Yesterday, I shared some thoughts about coaching from The Little Book of Coaching by Ken Blanchard and Don Shula. Today I am sharing how I feel Bronco Mendenhall stacks up against the advice in the book.
Conviction-driven – Does Bronco have conviction? Sure he does. I don’t think any of us would doubt that. But does he truly love what he is doing? Everything? I can honestly say I don’t think he does. I take no issue with his desire to not be a lifer like LaVell Edwards; that much is fine. But they way he treats the media and more importantly, the fans, makes me believe he doesn’t fully embrace being a coach at BYU. We’re a “peculiar” breed as BYU fans, but I don’t think as a collection that we’re nearly as uneducated as he might believe we are. Can he change? Who knows? I think he could, but it would be hard. Will he change? I can say never, but if “never” were a destination, he might be waiting at the customs counter to get in.
Overlearning – “The manager who has an organization full of individuals who operate on autopilot has no need to direct them because they are able to direct and monitor themselves.” I feel as though this describes exactly the opposite of Bronco. Case in point, at the end of the Utah State game. It shouldn’t have mattered at the point of the last play of the game when Taysom Hill got hurt. In that situation, it should have been so well-understood by Mendenhall, Brandon Doman, and Hill, that taking a knee was the correct play in that situation. Instead, Taysom Hill busts up his knee and was lost for season.
Audible-ready – Which leads me to my next point; Bronco is not audible-ready. When was the last time you saw a BYU coaching staff make an adjustment in the game or at half-time that put the Cougars in a better situation to win? Bronco has stated time and again that he plans his game plan and that because he’s put the time into it that it is the best game plan for that game. I feel as though being audible-ready would include acknowledging that Idaho and Notre Dame are not the same opponent and that one game plan would not be acceptable against both teams.
Consistency – I feel consistency might be the one term here that truly defines Bronco. He is nothing if not consistent; even at the detriment of the team sometimes. But disappearing from the preparation of the whole team just to focus on one aspect of the same game is not the most effective way to lead. How can he catch the mistakes that are showing up in the games (i.e. poor offensive line play, poor quarterbacking decisions, and awful play-calling at the wrong times) if he isn’t there to catch them in practice and blow his whistle to make them run it again? His one consistent mantra of late seems to be, “If the offense ain’t working, then release them and invite them to apply again.”
Honesty-based – When he took over the BYU football team in 2005, he was juxtaposed against Gary Crowton. He was refreshing, honest, straight-forward, and a welcome respite from the dark days we had all endured. He quickly earned the respect of the staff, the players, the admin, and the fans. However, in the past few season, it seems as though disdain for the fans (and the admin) has crept into his demeanor.

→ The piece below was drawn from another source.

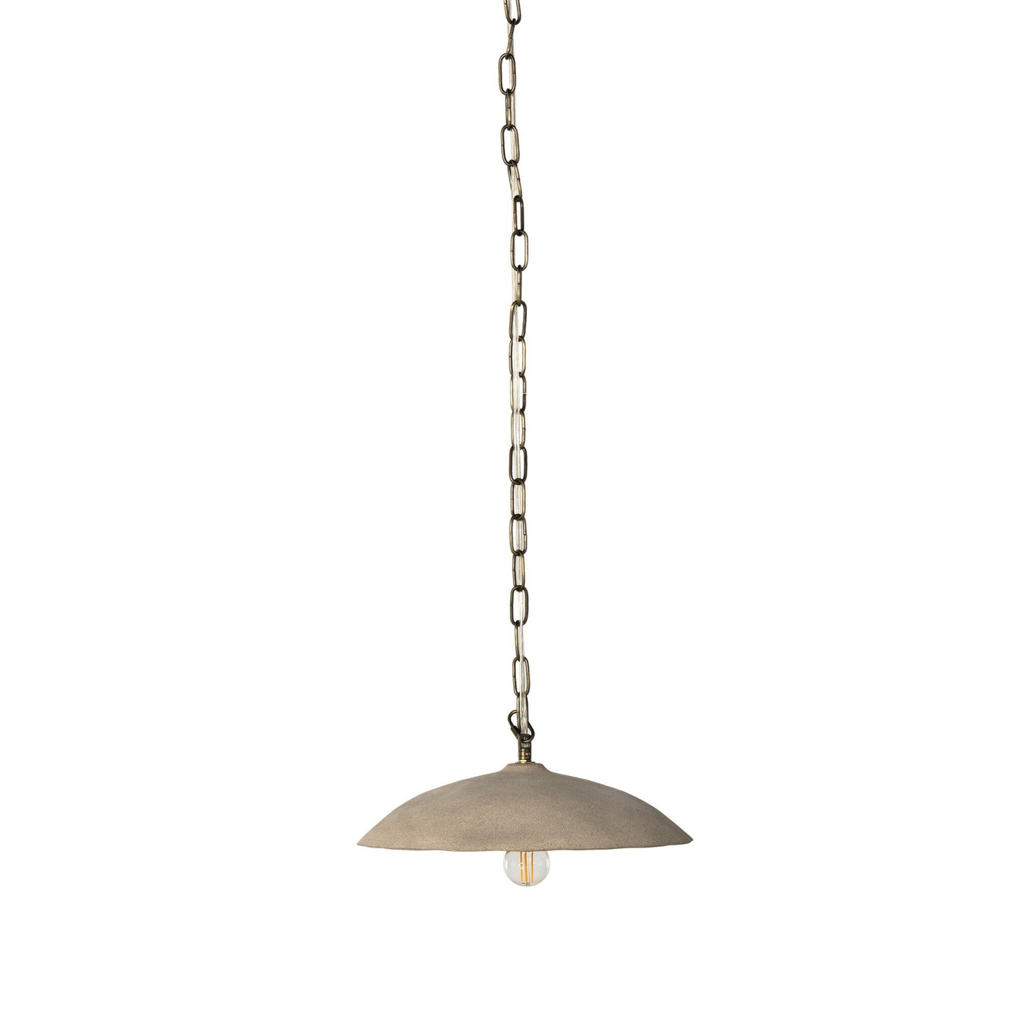 The Organic Ceramic Pendant by Four Hands blends natural materials with refined proportion. A light sand-coloured talavera ceramic shade is suspended from a streamlined iron chain, offering sculptural presence with minimal bulk. Its versatile profile adapts well to dining, entry, or lounge spaces.

His dealing with this Riley Nelson issue these past three seasons really feels like he’s been nothing short of dishonest with himself, the team, the media, and the fans.
Don’t let this cause you to think I’m not a Bronco fan; I am. Is spite of the challenges and deficiencies I described above, I think he came to Provo at the right time and did the right things. His work within the construct of our defense has been nothing short of magnificent. And if my world were perfect (and I know I probably speak for 99% of all BYU fans) he would be our defensive coordinator forever. But he won’t, and as such, he will continue to be subjected to criticism of his coaching style.